With Ships and Missiles, China Is Ready to Challenge U.S. Navy in Pacific

THE NEW YORK TIMES

In April, on the 69th anniversary of the founding of China’s Navy, the country’s first domestically built aircraft carrier stirred from its berth in the port city of Dalian on the Bohai Sea, tethered to tugboats for a test of its seaworthiness.

“China’s first homegrown aircraft carrier just moved a bit, and the United States, Japan and India squirmed,” a military news website crowed, referring to the three nations China views as its main rivals.

Not long ago, such boasts would have been dismissed as the bravado of a second-string military. No longer.

A modernization program focused on naval and missile forces has shifted the balance of power in the Pacific in ways the United States and its allies are only beginning to digest.

While China lags in projecting firepower on a global scale, it can now challenge American military supremacy in the places that matter most to it: the waters around Taiwan and in the disputed South China Sea.

That means a growing section of the Pacific Ocean — where the United States has operated unchallenged since the naval battles of World War II — is once again contested territory, with Chinese warships and aircraft regularly bumping up against those of the United States and its allies.

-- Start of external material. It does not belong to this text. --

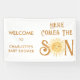 This cute boy's baby shower banner features the text "Here Comes The Son" in brown retro typography with a smiling yellow watercolor sun. Easily customizable. Original Watercolor © MicheleDavies.

To prevail in these waters, according to officials and analysts who scrutinize Chinese military developments, China does not need a military that can defeat the United States outright but merely one that can make intervention in the region too costly for Washington to contemplate. Many analysts say Beijing has already achieved that goal.

To do so, it has developed “anti-access” capabilities that use radar, satellites and missiles to neutralize the decisive edge that America’s powerful aircraft carrier strike groups have enjoyed. It is also rapidly expanding its naval forces with the goal of deploying a “blue water” navy that would allow it to defend its growing interests beyond its coastal waters.

“China is now capable of controlling the South China Sea in all scenarios short of war with the United States,” the new commander of the United States Indo-Pacific Command, Adm. Philip S. Davidson, acknowledged in written remarks submitted during his Senate confirmation process in March.